I have a back area of a bed at the farm that just does not get enough water after the taller plants get up. I do not want to pay to change out the sprinkler heads, so decided I may just find a way to have both situations and not cost me an arm and a leg. I will call these tough plants which are drought resistance, well with some water, and are acceptable. they have to measure up to some criteria such as summer blooming, sun loving or five hours of sunlight per day, relatively pest free, and reliably good bloomers. My list includes:
1. Blue Salvia
3. Dusty Miller
6. Black-eyed Susan
7. Globe Amaranth(gomphrena)
10. Queen Anne's Lace
Some of these plants can be purchased, and other will have to sown into the garden right away.

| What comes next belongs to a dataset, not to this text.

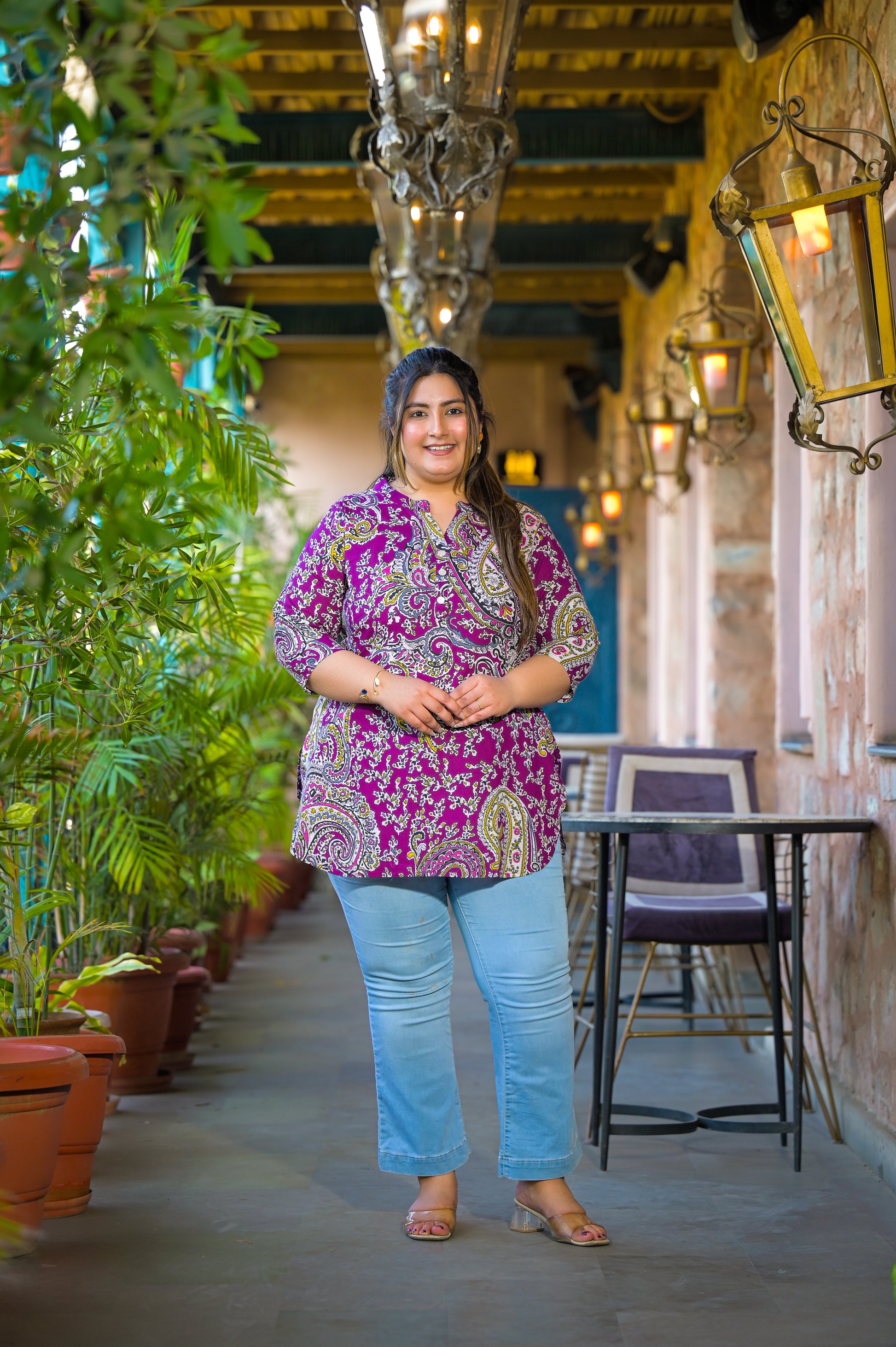 - Beautiful Collared Neck with Buttons Neckline & 3/4th Sleeves

I found an old, old out of print garden book I had purchased in London 20 years ago. In the front of the book, it detailed some flowers to grow in the garden for an outdoor wedding. At the end of the chapter, I noted this ditty. "Black-eyed Susan married Sweet William after he Aster. His rival had been, Ragged Robin, but the groom's Tulips sealed the engagement. Their Four O'clock wedding was announced by the Bells of Ireland and Bluebells. The bride was given away by Poppy and Jack in the Pulpit officiated. Let not the Passionflower love affair, made under the Star of Bethlehem, turn into Touch-Me-Not."
PLANT OF THE MONTH
MONDO GRASS (Orphiopogon japonicas)--If this is not a signature plant of the South, along with the Cast Iron Plant, nothing else is. Mondo has so many uses in the garden that is hard to name them all. One use is as a border grass, lining beds, pathways and curbing which is my least favorite of its uses. It is a wonderful ground cover on steep banks, under Magnolias, Oak trees, and other hard to grow spots. Once established, it is drought tolerant, spreads easily, and is virtually pest free. Mondo will grow just about anywhere from full sun to dense shade. There are many interesting kinds of Mondo such as variegated and a giant type that grows to nearly two feet. Once it is established there is no worry about it dying off as it can last a half century. If you are looking for the perfect plant to grow between stepping stones, try Orphiopogon planiscapus 'Nanus, which has a tightly tufted structure. Another great feature of Mondo is that it is evergreen. Mondo can also be a pass along plant for neighbors and friends. Dig up some clumps along the edges and it fills right in. All plants have some type of bloom, and mondo has very inconspicuous spikes of pink flowers close to the ground hidden in its foliage. Birds like to feed on its bluish metallic berries held on short spikes.